かつては商売人が多かった大阪にスリが多く、技術も際立っていたという。上着に入れていた鎖のついた金時計の蓋を外し、中の金製文字盤だけを抜き、蓋を閉めてポケットに戻したという、スゴ技のエピソードもある。警察に届けを出した被害者に、「この仕事をしたスリの腕は見事だが、これだけの手探りをされても気づかなかったあんたもすごい」と刑事が言ったらしい。この話、確か桂米朝の落語のまくらで聞いた記憶がある。

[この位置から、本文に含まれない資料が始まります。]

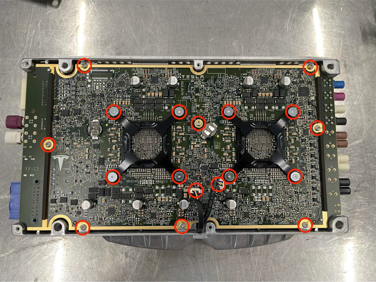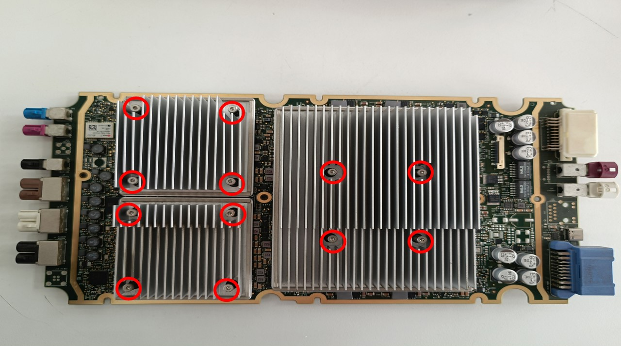 - Flip the PCBA over, and then remove the bolts (x12) that attach the heatsinks to the PCBA.

スリは人口過密都市でなければ成り立たない犯罪だ。満員電車、混雑するデパートが標的になる。ヨーロッパでも地下鉄やバスにスリが出没するが、だいたいは集団犯罪である。ふつうに注意していればそれとわかる。自慢してもしかたがないが、器用さにおいてわが国のスリはパリやローマの同業者の比ではない。ただ、二人合わせて152歳などではなく、あちらのスリは合わせても40歳代にしかならないあどけない女子三人組が多い。しかも例外なく可愛い。テクニック不足をそのあたりでカバーしているのである。旅行する人、油断禁物。